![]() ![]() ![]() - Зато не говорю гадостей. Так что ты делал?
- Портрет кормильца. В рост и с орденами. Теперь как помету наелся. Надо пить и пить,
пока не пройдет. Пойду пить. Извините.
Он поплелся к стойке. Там уже стоял полицмейстер, тоже с рюмкой. Он смотрел на них,
но не подходил. Потом он допил и ушел. Марту показалось, что он был очень бледен.
Через несколько минут откланялся Петцер. Белью повеселил их еще немного и незаметно
исчез.
Март попросил официанта завернуть что-нибудь из еды, бутербродов каких-нибудь, что
ли, тот ушел и возвратился с объемистым пакетом. Март расплатился, и они тихонько
прошли мимо Тригаса.

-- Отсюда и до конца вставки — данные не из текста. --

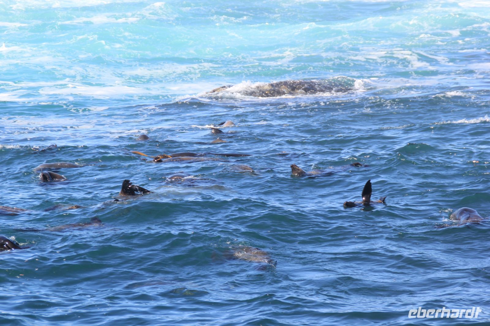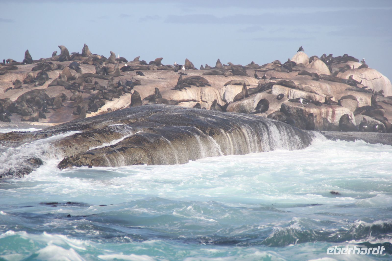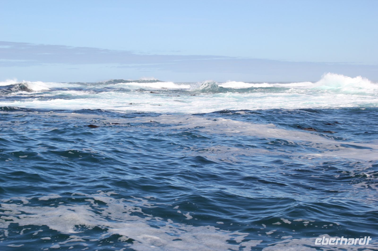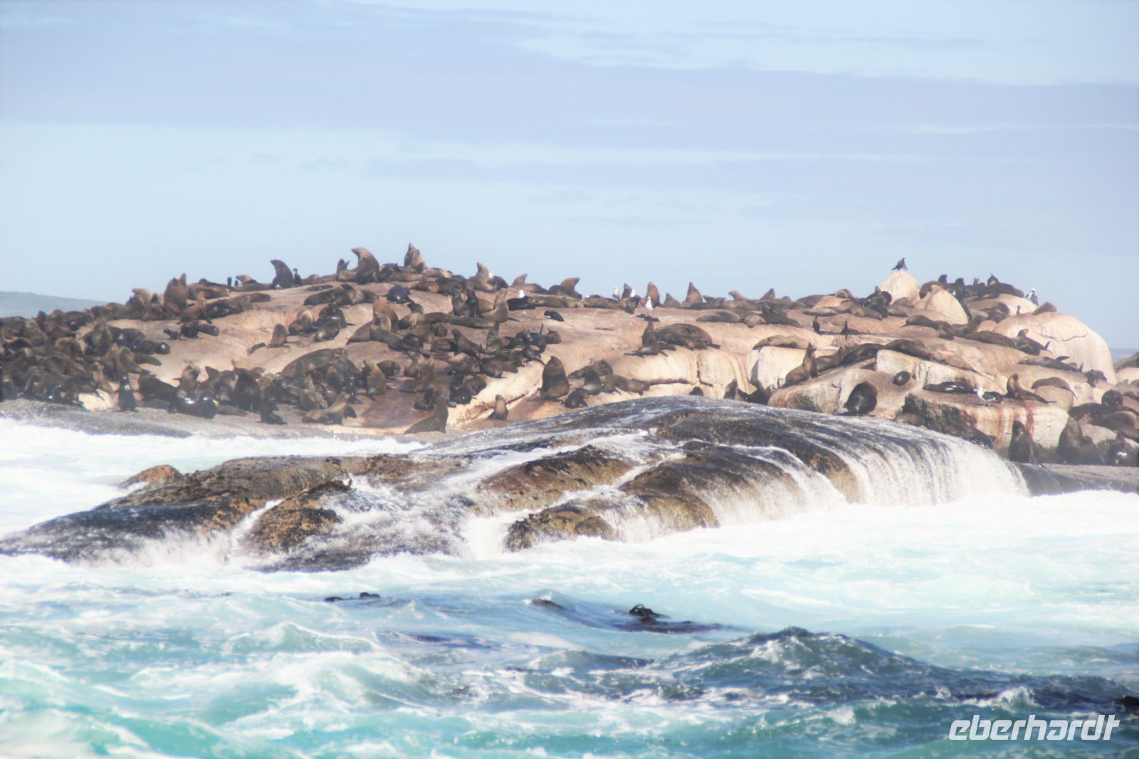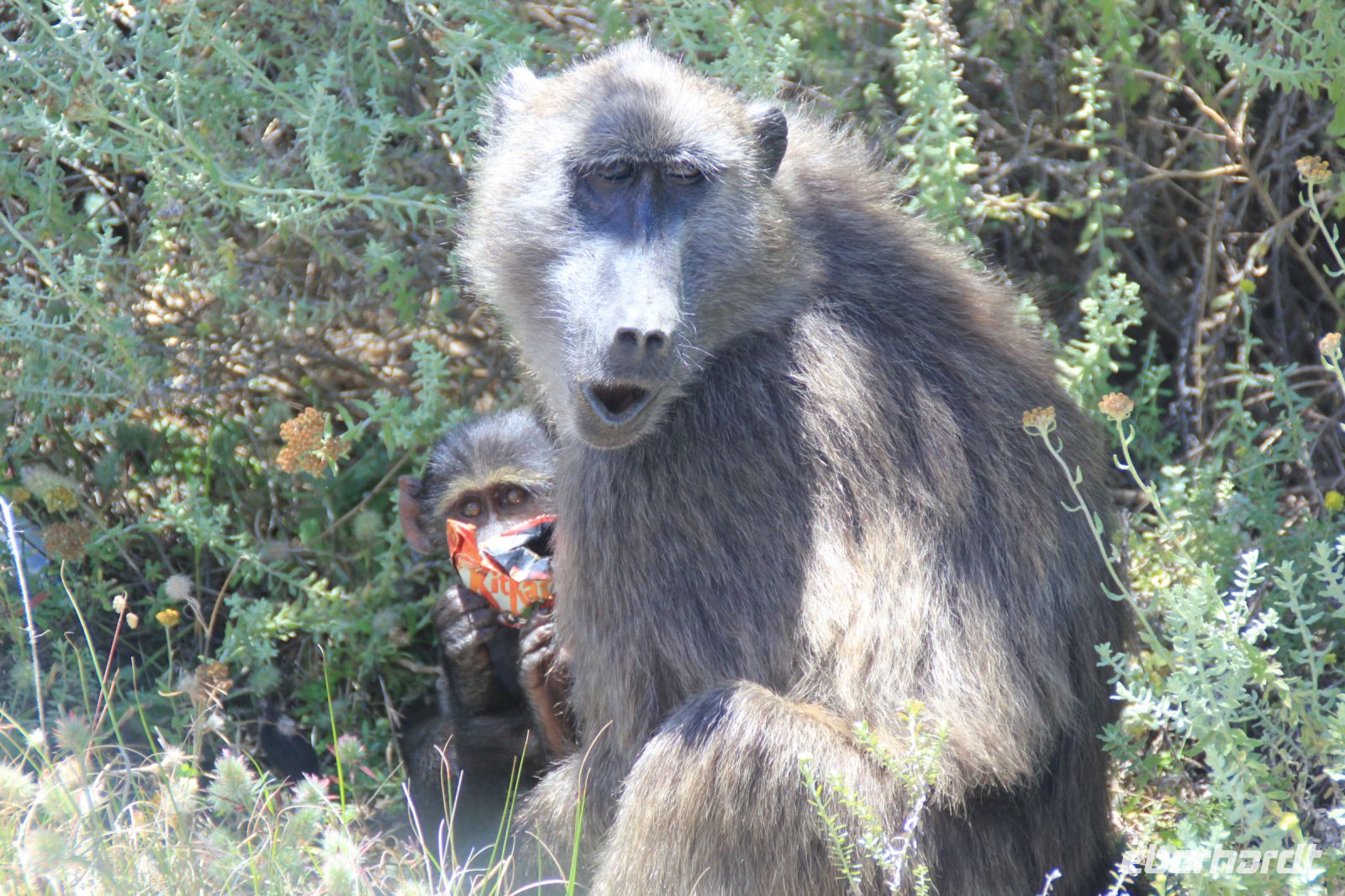 Beim Big Tree hatten wir leider kein Glück, so konnten wir den 1.000 Jahre alten Gelbholzbaum nicht live und in Farbe sehen. Wir fuhren weiter zur legendären Bluekrans-Bridge, einer 190 Meter langen Betonbogenbrücke, die bei Bungee Jumpern sehr beliebt ist. Bei unserer Ankunft störten wir eine Pavian-Familie, die an den Souvenirständen umherspazierte und so fuhren wir rasch weiter. Unterwegs nach Knysna hielten wir noch in Plettenberg Bay, ein Ort der direkt am Meer liegt und für seine langen Sandstrände bei Urlaubern sehr beliebt ist. Am Aussichtspunkt hielten wir Ausschau nach Walen, bemerkten allerdings, dass wir heute kein Glück hatten. Also machten wir uns auf den Weg nach Knysna, ebenfalls ein sehr beliebter Urlaubsort in einer 20 Quadratkilometer großen Lagune. Der Ort liegt am Fuß der Outeniqua Berge und ist weit bekannt für seine Austern. Wir checkten im Hotel ein und trafen uns zum gemeinsamen Abendessen an der Waterfront, welche dem großen Vorbild in Kapstadt nachempfunden wurde und ließen uns frischen Fisch schmecken.
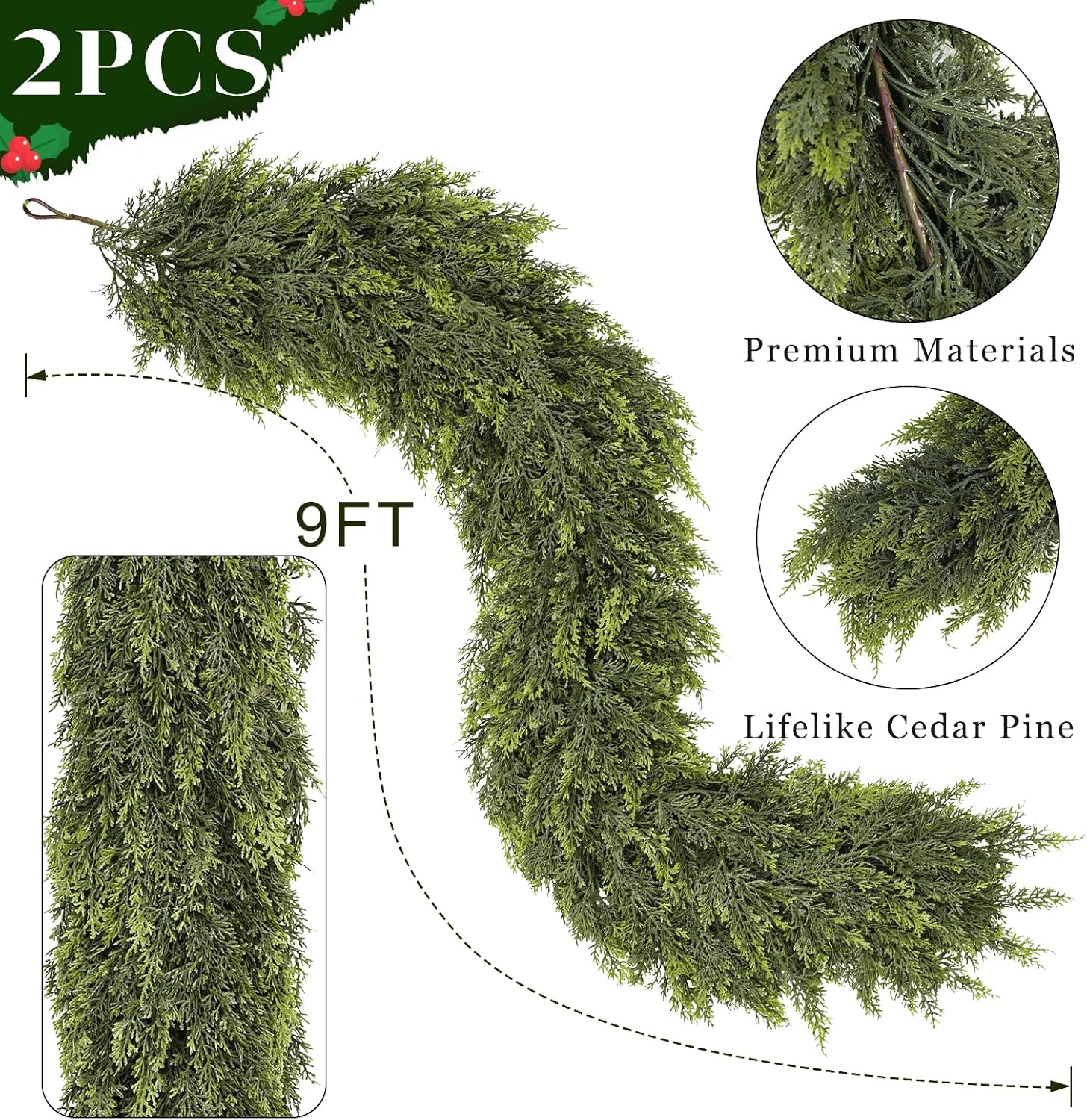 9FT Real Touch Cedar Garland for Fireplace - Artificial Christmas Garlands Realistic Faux Greenery Fake Pine Needles Garland for Holiday,Table, Window,Mantel,Stairs, Home,Indoor Outdoor Decor (2PCS)

Тригас прилип к стойке и ничего вокруг не замечал.
Те дни, что были после, так и остались навсегда самыми безмятежными в жизни Марта...
Они пересказывали свои жизни день за днем, надеясь, что воспоминания каждого,
становясь воспоминаниями обоих, заполнят пролегшую между ними двенадцатилетнюю
пропасть, и пропасть эта, такая бездонная поначалу, действительно заполнялась, им не
хватало дня, чтобы наговориться, и они прихватывали ночи. Никто не докучал им в те
дни. Тригас ушел в мрачный запой, у Петцера и полицмейстера были, видимо, свои дела,
Петцер как-то при встрече сказал: "Пока все спокойно", и Март очень на это рассчитывал,
да и вообще он старался не попадаться никому на глаза, даже редкие появления
господина мэра заставляли его подбираться и настораживаться.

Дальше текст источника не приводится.